WHAT YOU NEED TO DO. Scan the material for the word "discussions" and copy each line where it occurs.

[[ INPUT DATA open ]]

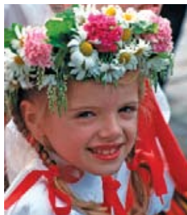
Latvian girl in festive attire

Estonia's capital city of Tallinn welcomes you with a stunning skyline of towers, spires, turrets and red-tiled roofs. Explore Tallinn's lower town with its 15th-century Town Hall and upper town with its famous Castle Toompea. Its well-preserved Old Town is a UNESCO World Heritage Site. □ Hotel Telegraaf, Tallinn
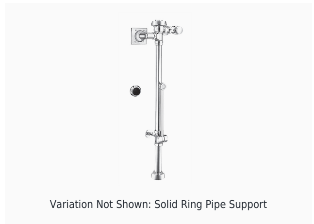
Variation Not Shown: Solid Ring Pipe Support
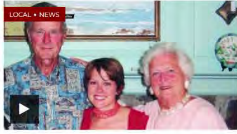
Utah native who interned for Bush family remembers Barbara as 'the enforcer', a 'compassionate public servant'
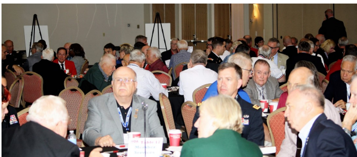
Facilitated Round Table discussions regarding ways to improve ROA services to the membership

Saturday morning's general session reviewed the roundtable discussions and heard Dr. Joseph Heck , Chair-

[[ INPUT DATA closed ]]

EXERCISE SOLUTION.
Facilitated Round Table discussions regarding ways to improve ROA services to the membership
Saturday morning's general session reviewed the roundtable discussions and heard Dr. Joseph Heck , Chair-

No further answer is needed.